7. In response, Mr Chodha said that it was most regrettable there was no Home Office Presenting Officer at the hearing. The Judge was very clear in the determination as to the basis he decided this was a genuine marriage. He had been perfectly well assisted by the evidence of 3 people and the Judge was entitled to find that the marriage was genuine and subsisting. Three of the witnesses attended the wedding and the Sponsor's mother had come to the UK and was quite happy and there was a statement from her. He pointed out that there was no test as to how far or how strong the language should be between a husband and wife and that most couples rely on the language of love and it was clear that the couple are in love. They had met in March 2011 and had been living together for quite a few years. They had answered questions at the interview to their best ability.
8. Mr Avery indicated that he had a summary of the interview with the Respondent and his wife by the interviewing officer but no verbatim record.

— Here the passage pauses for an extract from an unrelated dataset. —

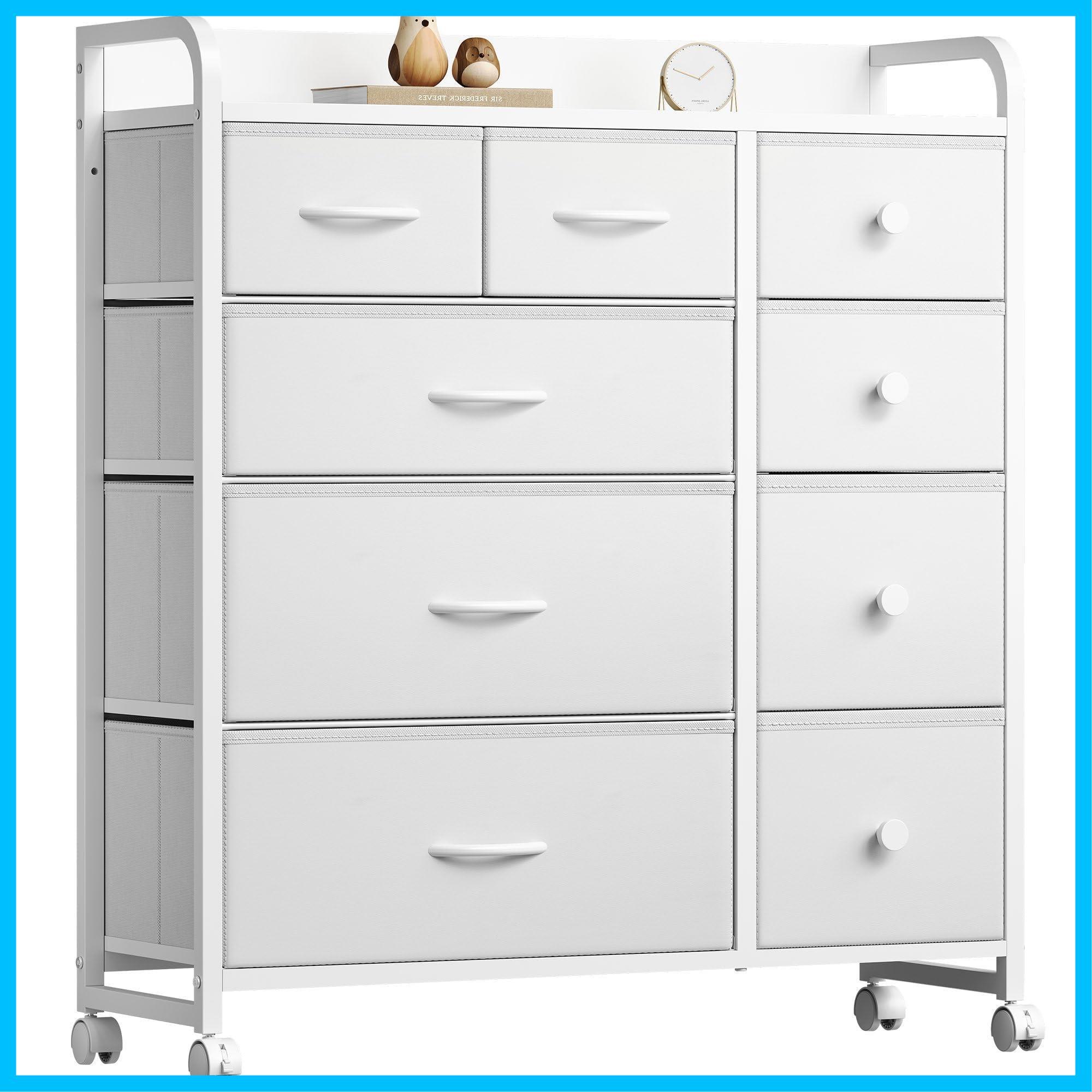 【人気商品】タンス 収納 チェスト 洋服収納 おしゃれ 洋服タンス キャスター付き 大容量 衣装棚 衣裝ケース リビング 引き出し 脱衣所 棚 衣類チェスト 箪笥 木製天板付き 和風 布製引き出し 転倒防止 安定感 L83×W29×H96cm(4段9杯 白い)

9. I reserved my decision.
Error of law decision
10. The Respondent made an application for a residence card as the family member of an EEA national exercising treaty rights in the United Kingdom. He and his wife travelled to Liverpool for an interview which I am told was not a question and answer interview but one based on "language scenarios" by which it was intended to test whether or not the Respondent and his wife were able to communicate with each other in English, as a common language. The Respondent, his wife and two witnesses attended the hearing before the First Tier Tribunal Judge. However, no Presenting Officer was present and no record of the interview which took place on 23rd April 2015 was produced to the First Tier Tribunal Judge. The only issue raised by the Secretary of State in the refusal letter was that the marriage was one of convenience based on the contents of that interview. In the absence of any record of this interview before him and in the absence of a Presenting Officer to test the evidence of the witnesses in cross-examination and by way of submissions, the First Tier Tribunal Judge was entitled to find that the Secretary of State had failed to establish that the Respondent's marriage was one of convenience cf. Papajorgji (EEA Spouse- marriage of convenience) Greece (2012) UKUT 00038 (IAC) at 39. He was not satisfied, having heard evidence from the parties and the supporting witnesses, that " it was more probable than not this is a marriage of convenience" [op cit at 39]. He accepted the evidence that the Respondent and his wife communicated "at some level" in English. In any event, that is not the only test of the genuineness of a marriage. There was evidence before him of cohabitation in the form of a tenancy agreement in joint names, bank statements and utility bills and the fact of the marriage and cohabitation were confirmed by the two witnesses at the hearing and by a statement from the Sponsor's mother, Mrs Maria Kallai.
11. For these reasons, I find that there is no material error of law in the decision of the First Tier Tribunal Judge.
Conclusion
12. The First Tier Tribunal Judge did not err materially in law and his decision to allow the appeal stands.